# LaCT Language Model



## Contains
- [x] LaCT language model code
  - [x] Test-time training with Momentum optimizer
  - [x] Test-time training with Muon optimizer
- [x] Training code and script [using flame]

## How to run

### Enviroment 
The model file need dependency on [flash-linear-attention], specifically the `lact_model/layer_lact_swiglu.py` copies the RoPE and Fused RMSNorm from flash-linear-attention.

We recommend setting up the environment following the installation guide.
I used this scripts to install required dependencies: 

```
pip install -r requirement.txt
```


### Training with [flame]



To train with flame, copy the entire `lact_model` folder into [`flame/custom_models/`], then follow flame’s [training instruction]. 

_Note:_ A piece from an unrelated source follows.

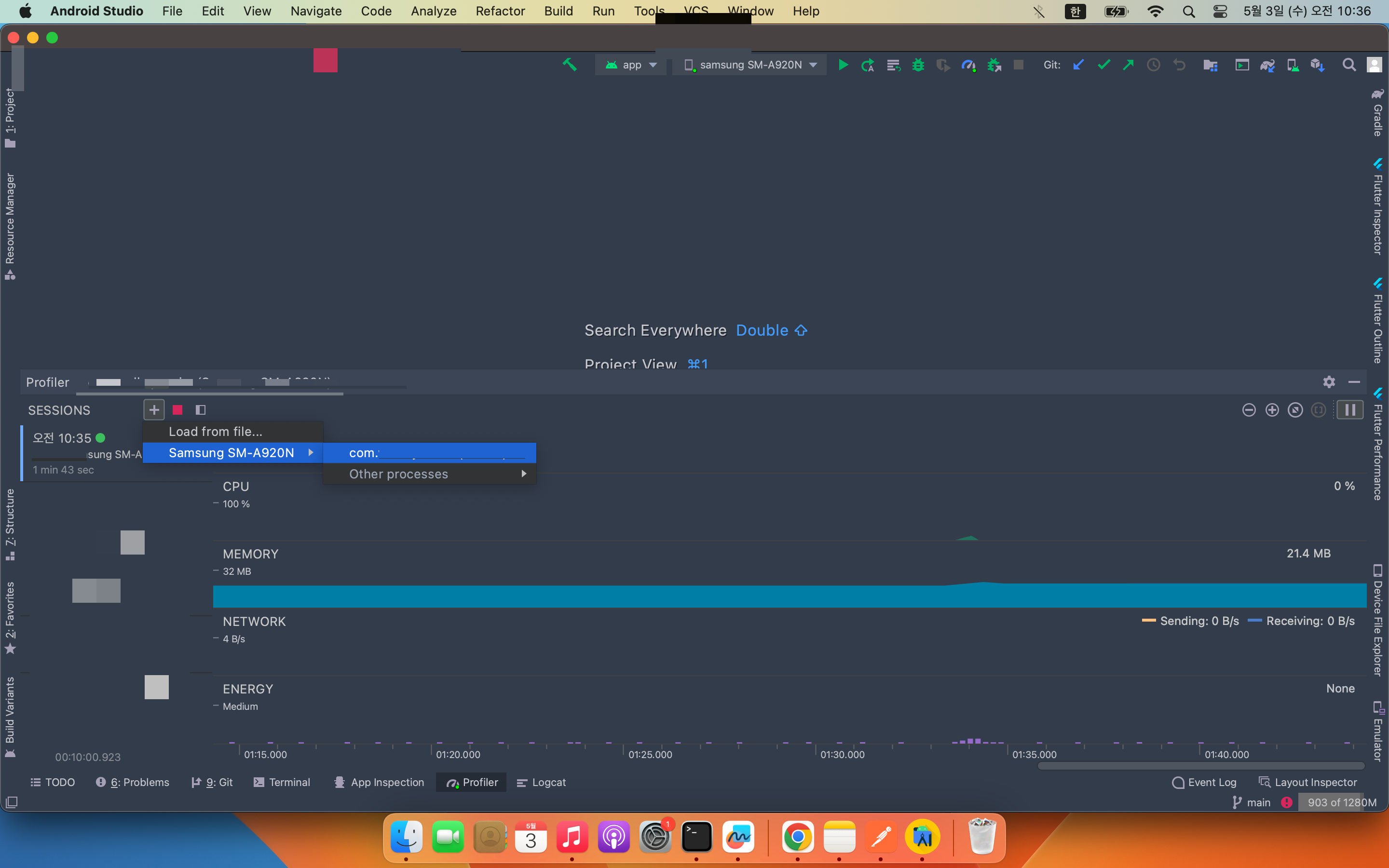 (2) Profiler > + 버튼 > 디바이스 선택 > 어플리케이션 선택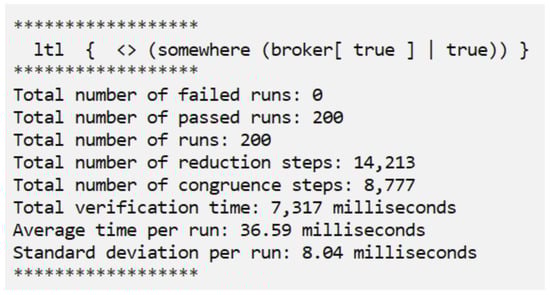 - Holzmann, J.G. The Model Checker SPIN. IEEE Trans. Softw. Eng. 1997, 23, 279–295. [Google Scholar] [CrossRef]

Example model config files are provided in `configs/`


Here’s an example training script for the 760M model with Muon test-time training.
For the 3B model (with sequence length of 32K per GPU), using `--activation_checkpoint.selective_ac_option 1` only takes around 25GB memory (model shareded among 32 gpus). 

```
export WANDB_NAME="lact-32k-rope-swa2048-nh4-fw02-id-rank32-momentum-muon-760M-32K-40B-bs32-lr1e-3-cosine-warmup1024-steps40960-init0.02.32gpu"
export DATA_FILES="/mnt/localssd/dataset/hf-long-data-collections-sharded/data-*.arrow"  # change to your data-path

bash train.sh \
  --job.config_file flame/models/fla.toml \
  --job.dump_folder exp/lact/lact-swa2048-rope-fw02-id-rank32-init0.5-gain0.5-nh4-momentum-muon-760M-32K-40B/batch1.seqlen32768.bs32.warmup1024.update1.steps40960.lr1e-3.cosine.32gpu \
  --model.config configs/760M_lact_swiglu_nh4_fwlow_rank_momentum_muon.json \
  --model.tokenizer_path ./fla-hub/transformer-1.3B-100B \
  --optimizer.name AdamW \
  --optimizer.eps 1e-15 \
  --optimizer.lr 1e-3 \
  --lr_scheduler.warmup_steps 1024 \
  --lr_scheduler.lr_min 0.1 \
  --lr_scheduler.decay_type cosine \
  --training.batch_size 1 \
  --training.seq_len 32768 \
  --training.context_len 32768 \
  --training.gradient_accumulation_steps 1 \
  --activation_checkpoint.mode selective \
  --activation_checkpoint.selective_ac_option 2 \  # you can disable activation checkpoint for faster training, but larger memory consuption. 
  --training.steps 40960 \
  --training.max_norm 1.0 \
  --training.skip_nan_inf \
  --training.dataset arrow \
  --training.dataset_split train \
  --training.num_workers 2 \
  --training.prefetch_factor 1 \
  --training.seed 42 \
  --training.compile \
  --checkpoint.interval 4096 \
  --checkpoint.load_step -1 \
  --checkpoint.keep_latest_k 2 \
  --metrics.log_freq 10 \
  --profiling.profile_freq 2000 \
  1>>./log/$JOB_NAME/$JOB_UUID.rank$RANK.log 2>>./log/$JOB_NAME/$JOB_UUID.rank$RANK.err
```

### Training with your own trainer

If you want to train the model with your own trainer, I recommend you to copy only the `lact_model/layer_lact_swiglu.py` your codebase and integrate it into your model implementation. Note  `lact_model/layer_lact_swiglu.py` reuses RoPE and Fused RMSNorm implementations from flash-linear-attention.